Pero la información no es neutra, para que tenga sentido tiene que ser interpretada. Si Pepe le ha pegado a Lola, podemos entender el hecho como un suceso particular debido a un conflicto personal, como la expresión de una dinámica social patriarcal, como una manifestación de la violencia que la comunidad ejerce sobre sus miembros más vulnerables, como un escape de la tensión provocada por dificultades socioeconómicas o de muchas otras maneras, dependiendo del cristal con el que miremos. El periodista tiene que escoger el enfoque de la noticia de acuerdo con su criterio, examinando con honestidad los hechos y buscando el marco teórico que mejor se adapte a ellos.

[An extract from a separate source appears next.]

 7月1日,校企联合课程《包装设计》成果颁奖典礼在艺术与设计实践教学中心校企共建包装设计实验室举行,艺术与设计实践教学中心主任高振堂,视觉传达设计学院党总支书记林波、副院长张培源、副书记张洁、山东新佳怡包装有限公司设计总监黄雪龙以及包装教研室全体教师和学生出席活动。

Si esta subjetividad puede dar lugar a la perversión de la función del periodista, la cosa se complica aún más si tenemos en cuenta que, a diferencia de un antropólogo, el periodista se suele encontrar plenamente inmerso en la sociedad cuya información transmite, compartiendo sus sesgos y sus puntos ciegos. Esto limita la capacidad del periodista para adaptarse a la información y facilita que le imponga concepciones apriorísticas, que difícilmente van a ser discutidas si la sociedad comparte el mismo enfoque.
Los medios de comunicación imponen, con mayor o menor flexibilidad, una ideología, una línea editorial preestablecida y cristalizada, con la que seleccionar los hechos y construir los relatos. Los periodistas se adaptan a su medio, a veces con tanto éxito que dejan de percibirlo, como difícilmente se percibe el aire que se respira.

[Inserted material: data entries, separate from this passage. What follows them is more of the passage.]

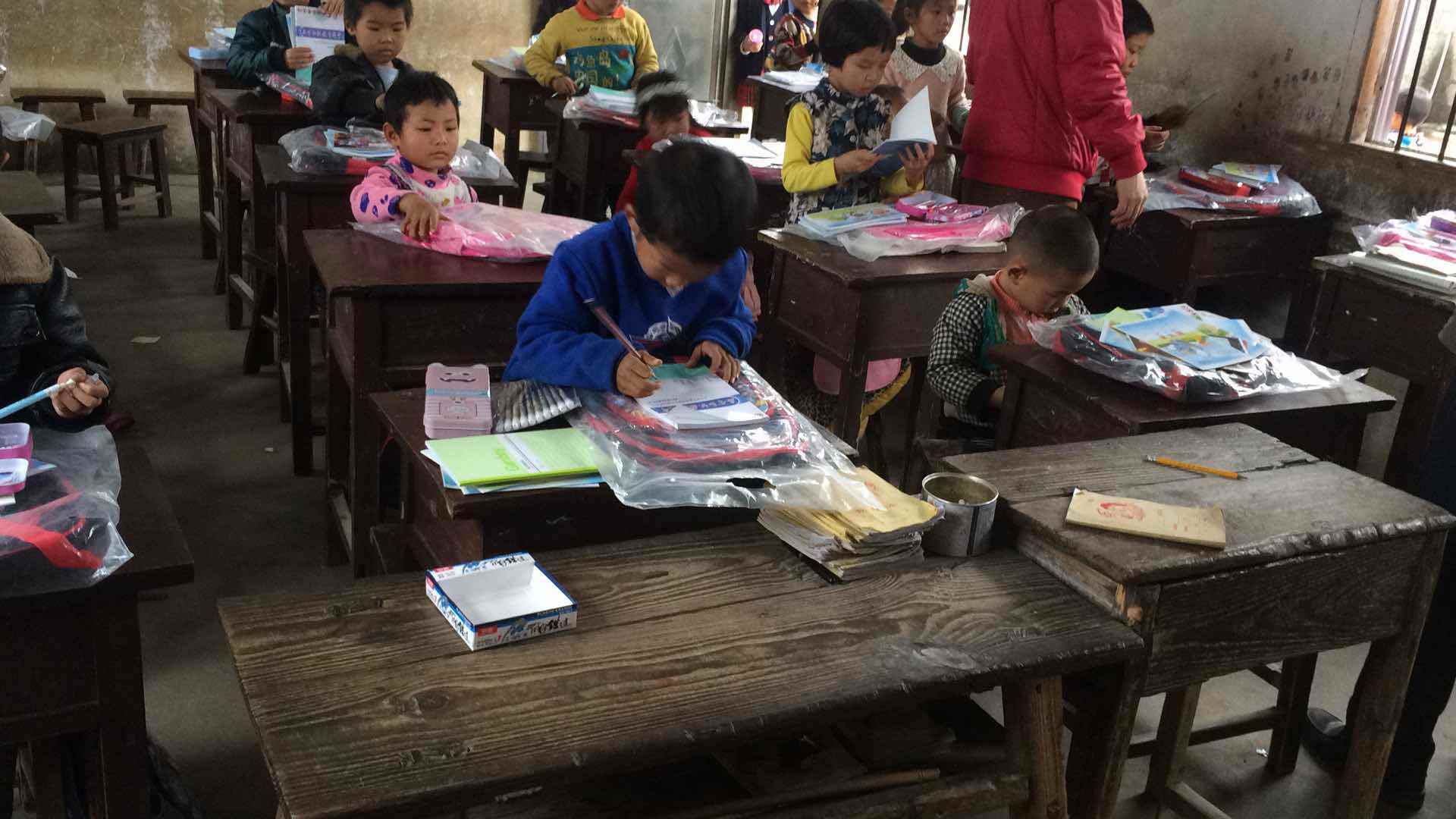 水口营小学地处偏僻,只有一位郑老师教学,郑老师有四十多年的教龄了,也上年纪了,有六十好几了,按常规早就退休了,因为当地比较偏远贫困所以调不过去老师,而郑老师又是当地的又舍不得孩子们所以一直坚持。孩子总共28名,一年级二年级一起一个教室一个老师一个班,一年级十人,二年级十人,学前班8名,典型的复式班。28名学生有22名是留守儿童基本上是由爷爷奶奶带,爸爸妈妈都在外打工。其中有13名家庭是特困户或贫困户
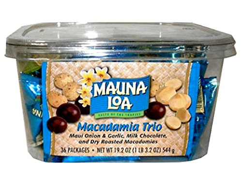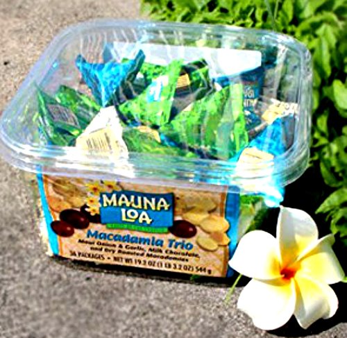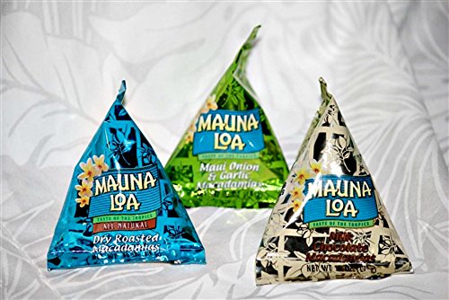 Macadamia Trio 36 Assorted Bite Size Packs (Maui Onion & Garlic, Mike Chocolate, and Dry Roasted Macadamias)
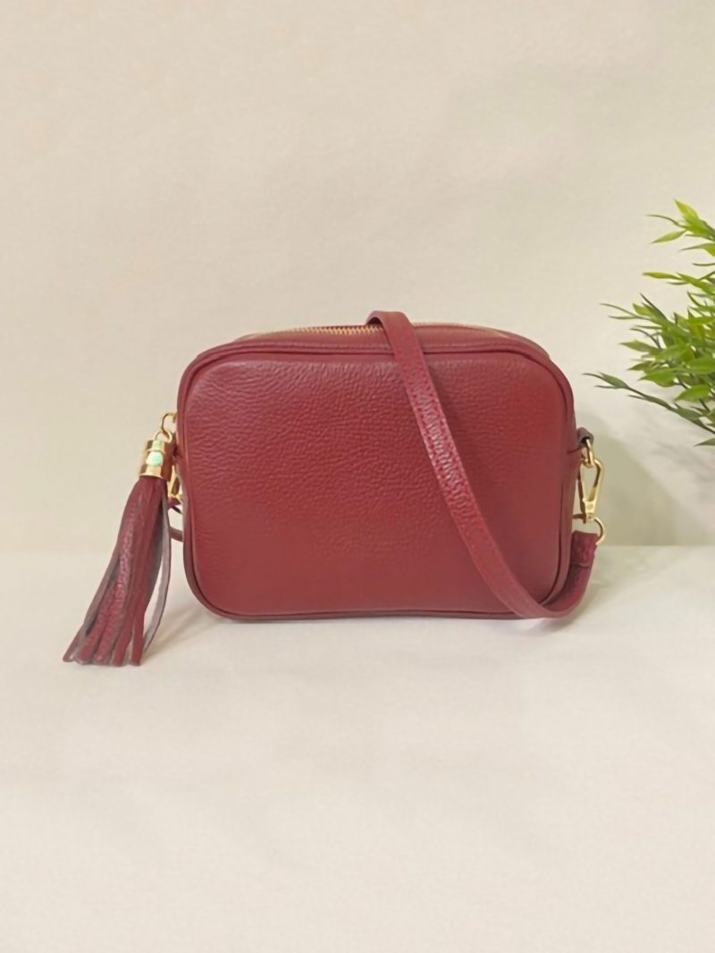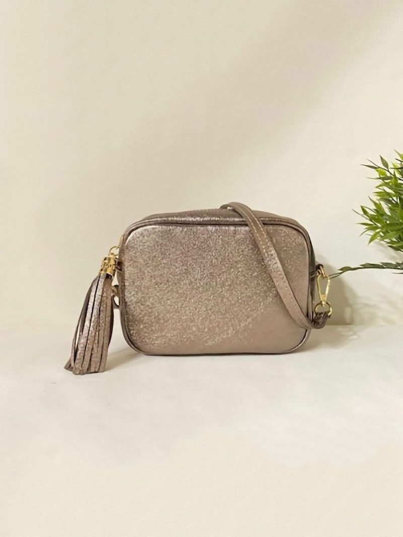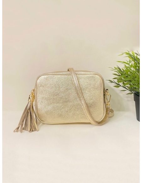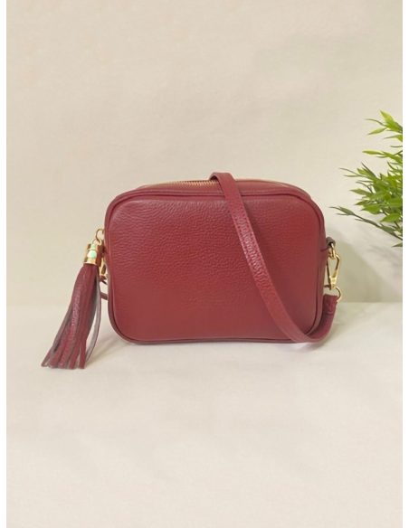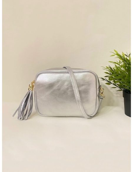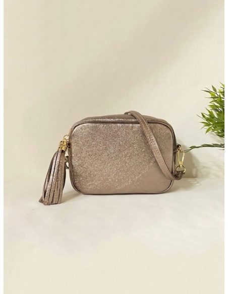 Bolso bandolera de piel con borla y cremallera
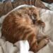 出張翌日は出社する予定があり、準備を始めるとベッドで丸まって寝ていたむぎさんが起きてにゃーにゃーと騒ぎ始めました。

En una sociedad fragmentada como la española, es fácil que una línea editorial responda a la visión de medio país y se oponga a la del otro medio. Esto podría ser enriquecedor si promoviese el diálogo, pero no lo es si cada facción predica a su propio coro.
Cuestión aparte es la de las influencias explícitas como presiones políticas, censuras, subvenciones, etc, en la que no voy a entrar.
Y yo, que no soy periodista pero muevo información, ¿qué sesgos tengo? Ninguno, los sesgos siempre son cosa de los otros.